* **What the task requires**: Write out exactly the lines from the one containing "Подушка состоит из наполнителя" to the end of the material, both ends included, and nothing else. Leave pictures out.

* **Information shown**:
****

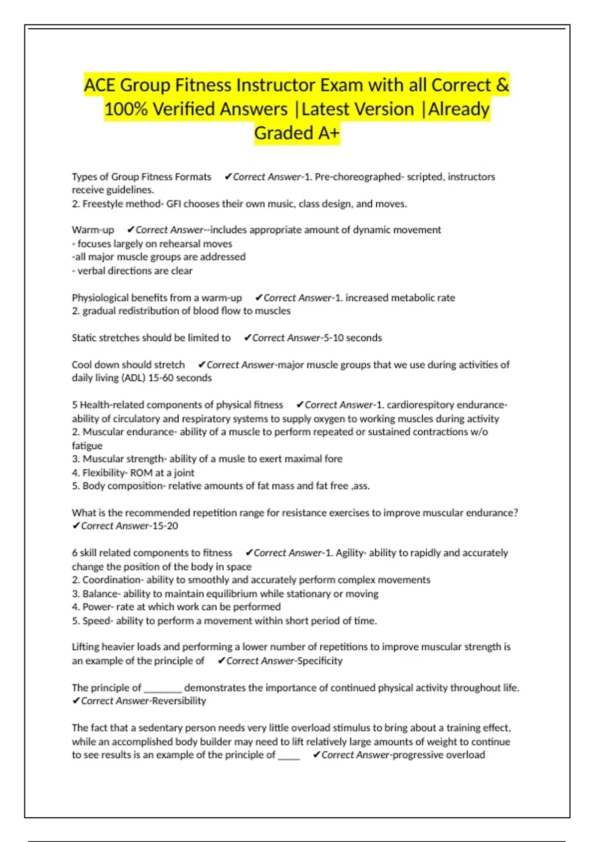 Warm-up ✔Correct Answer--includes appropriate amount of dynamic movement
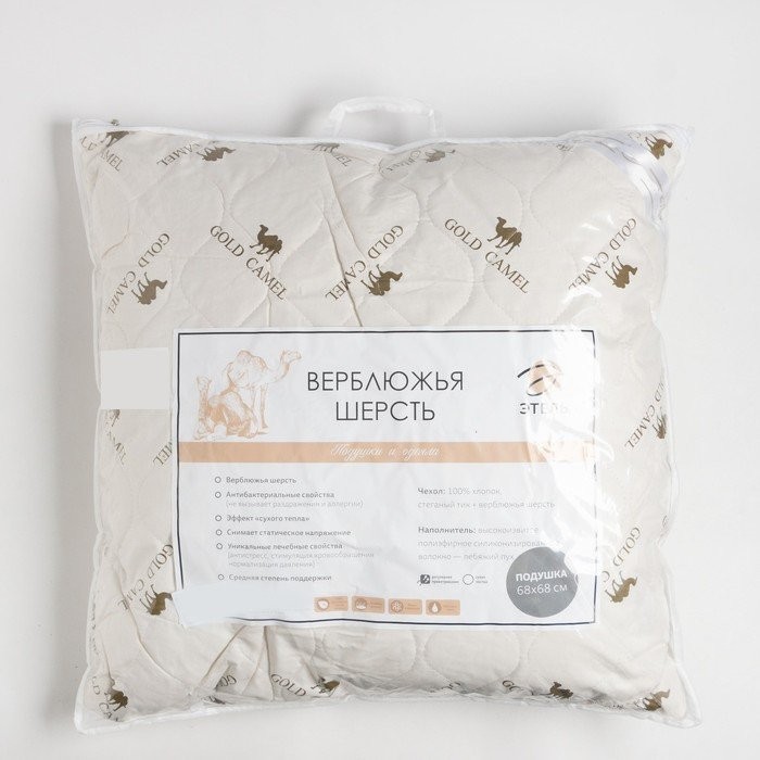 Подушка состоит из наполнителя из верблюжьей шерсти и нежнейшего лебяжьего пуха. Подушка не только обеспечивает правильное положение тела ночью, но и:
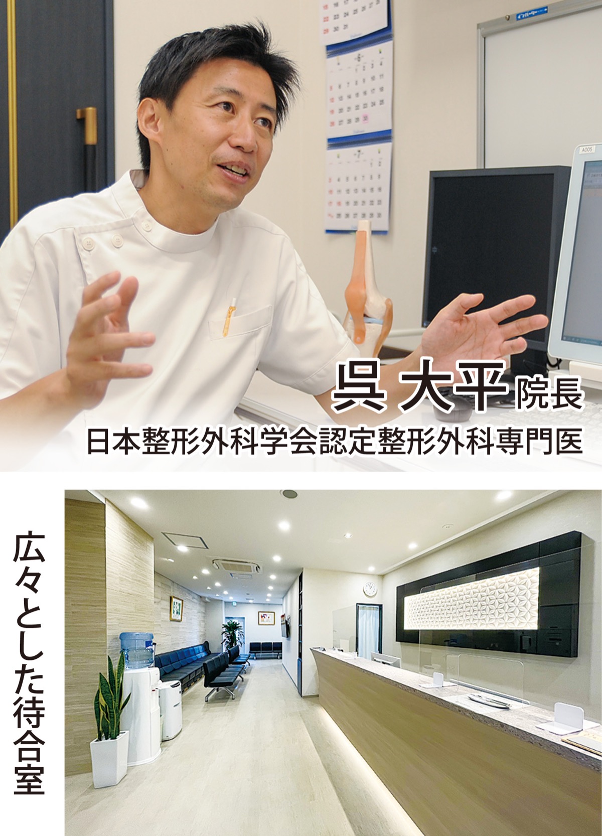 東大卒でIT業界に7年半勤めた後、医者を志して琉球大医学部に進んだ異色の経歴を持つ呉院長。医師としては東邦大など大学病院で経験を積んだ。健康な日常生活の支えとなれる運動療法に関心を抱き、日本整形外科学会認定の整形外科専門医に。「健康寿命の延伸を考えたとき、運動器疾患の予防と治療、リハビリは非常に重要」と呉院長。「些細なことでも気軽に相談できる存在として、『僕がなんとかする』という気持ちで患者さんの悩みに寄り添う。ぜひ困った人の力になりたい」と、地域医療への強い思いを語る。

****

* **Your response**:
 Подушка состоит из наполнителя из верблюжьей шерсти и нежнейшего лебяжьего пуха. Подушка не только обеспечивает правильное положение тела ночью, но и:
 東大卒でIT業界に7年半勤めた後、医者を志して琉球大医学部に進んだ異色の経歴を持つ呉院長。医師としては東邦大など大学病院で経験を積んだ。健康な日常生活の支えとなれる運動療法に関心を抱き、日本整形外科学会認定の整形外科専門医に。「健康寿命の延伸を考えたとき、運動器疾患の予防と治療、リハビリは非常に重要」と呉院長。「些細なことでも気軽に相談できる存在として、『僕がなんとかする』という気持ちで患者さんの悩みに寄り添う。ぜひ困った人の力になりたい」と、地域医療への強い思いを語る。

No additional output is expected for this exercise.